Besides that, I want access via PoD semantics.

markblundeberg added inline comments.Thu, Jan 16, 01:14
109 ↗(On Diff #15433)

Heh yeah, that's leftover behaviour from replicating the example in cuckoocache test :D

markblundeberg added inline comments.Thu, Jan 16, 01:19
1309 ↗(On Diff #15433)


markblundeberg added inline comments.Thu, Jan 16, 01:24
56 ↗(On Diff #15433)

Yes. See where it is used in this diff.

474 ↗(On Diff #15433)

?? I'm not sure how ScriptCacheKey's pod/nonpodness makes a difference. I think it's good to check the keys are distinct and that they are self-equal.

markblundeberg marked 6 inline comments as done.Sat, Jan 18, 04:48
markblundeberg added inline comments.
20 ↗(On Diff #15433)

Just to add to this, I mean I want neither a strict PoD type (bare struct) nor a fully encapsulated class. Is there no middle ground allowed here?

509 ↗(On Diff #15433)

Not sure what you mean...

rebase ; comments ; tweak to not use uint256

deadalnix requested changes to this revision.Sat, Jan 18, 23:51

From what I gather, it is fairly obvious that you actually don't want a but are trying to make things work as a pod. The problem when you distribute responsibilities is that you always end up with something inconsistent down the road or a huge pile of spaghetti because various pieces of code needs to be kept in sync.

20 ↗(On Diff #15433)

If you are concerned about semantic breaking when you change what's in it, it is that you don't want a POD. I don't think a middle ground makes any sense. Ether the struct itself is responsible for it's innards, or the code that uses it is. It cannot be both.

56 ↗(On Diff #15433)

It seems like this is exclusively used in the test, and if value mismatch in the test, the test will break anyways, so I'm not sure. DO youe xpect your user to be aware of this value and check against it? If so, then why SCRIPT_CACHE_MAX_SIGCHECKS ?

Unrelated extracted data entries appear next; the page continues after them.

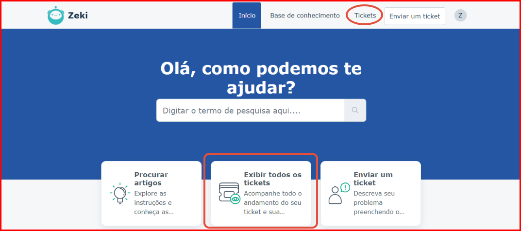 Registre-se na central do Zeki, para ficar por dentro do status do seu Ticket.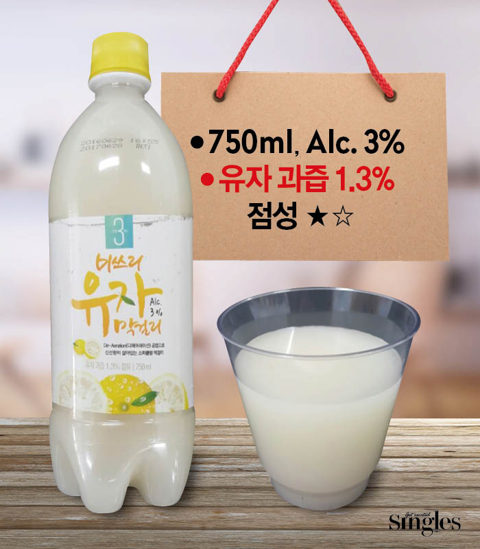 유자 맛도 막걸리 맛도 아닌 그 무언가. 그냥 맛없는 음료수 같다(라고 쓰면서 “맛없는”에 형광펜으로 하이라이트 표시를 하고 싶어졌다). 막걸리를 싫어하는 내가 그나마 막걸리의 필수요소라고 생각하는 ‘탄산감’이 제일 잘 느껴지긴 했다. 그것 말고는 기억에 남는 부분이 딱히 없는 맛.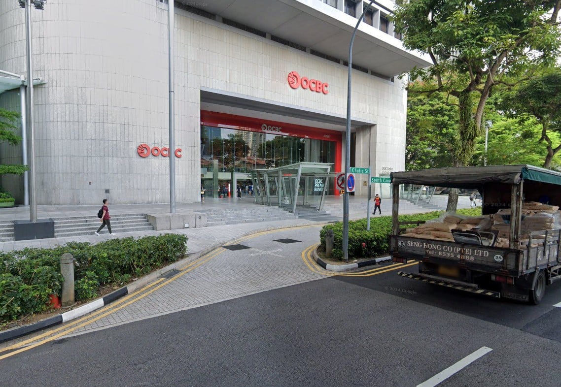 Instead of continuing along the road, the driver appears to mistake the pedestrian footpath in front of the OCBC Centre as a drivable lane.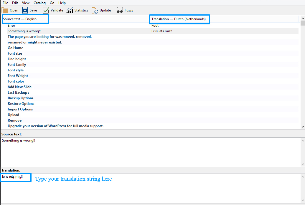 - Once done with your translations, Save the file. The updated .mo file will be auto created.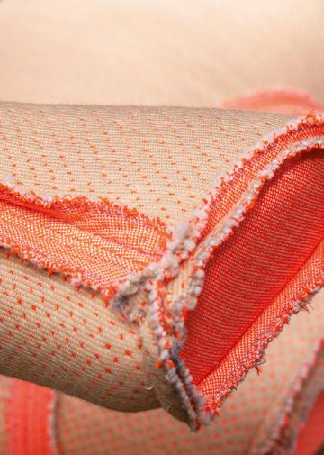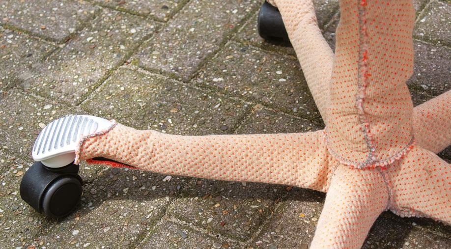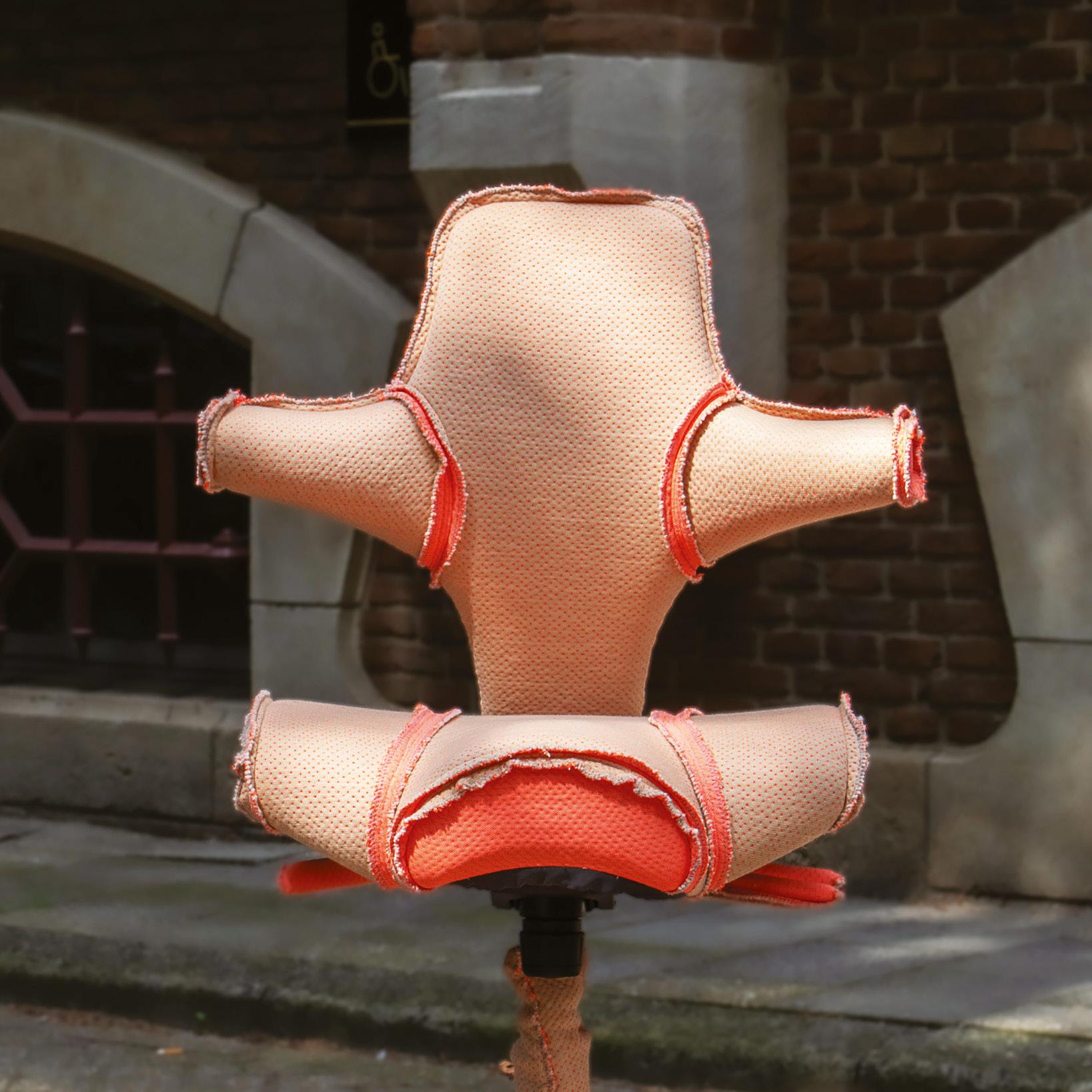 Featuring powder-pink upholstery, loosely fitted fabric, and exposed seams with frayed edges, the chair breaks from traditional workplace aesthetics. It avoids rigid structure in favour of soft, organic forms and a patchworklike expression.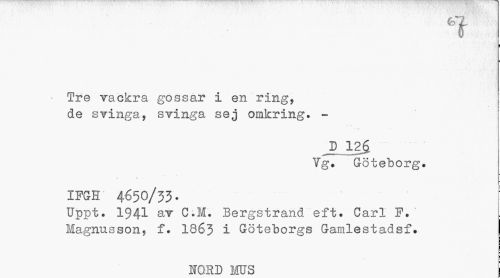 //// • Tre vackra gossar i en ring, de svinga, svinga sej omkring. - //// ¦¦i //// 7 g. ^Göteborg. //// å ¦ //// IFGET 4650/33. //// Uppt. 1941 aT C.M. Bergstrand eft. Carl F. Magnusson, f. 1863 i Göteborgs Gamlestadsf. //// mi?t» mtts i ////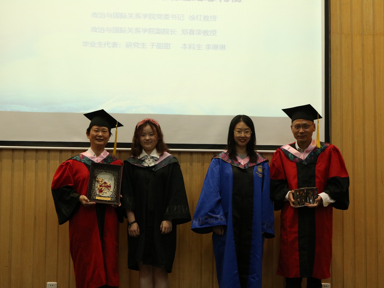 毕业生们除了节目汇报之外,还精心准备了别致的纪念礼物赠予学院,党委书记徐红教授和副院长郑春荣教授代表学院郑重接收并合影留念。

Who's responsibility is it to check?

509 ↗(On Diff #15433)

That is the metric class is not a pod, it can ensure that the value can always be cached, removing a whole bunch of error conditions. all over the place.

1309 ↗(On Diff #15433)

By having it ensure the value it has are in the proper range.

This revision now requires changes to proceed.Sat, Jan 18, 23:51
markblundeberg added inline comments.Sun, Jan 19, 00:43
509 ↗(On Diff #15433)

As discussed in the other diff D4941, the metric class in some edge cases may need to support values > 65535, at least up to 5 million and more if the script opcode count limit is increased in future. So we can either:

  • Use more bytes in cache, and remove error conditions.
  • Keep the error conditions and maintain a distinction between the general purpose usage/arithmetic type and the (space-efficient) private cache storage type.

I think the first option is a bit sad since we are trying to be economical in the cache and those bytes will always be 0 in regular operation, at least with current rules.

deadalnix added inline comments.Sun, Jan 19, 14:01
509 ↗(On Diff #15433)

The cache being of this size assumes that this is sufficient to store all the sigops of one transaction. You can have an accumulator to accumulate across transactions that use larger types internally.

Let just use an int in the cache and not a ScriptExecutionMetric in the cache.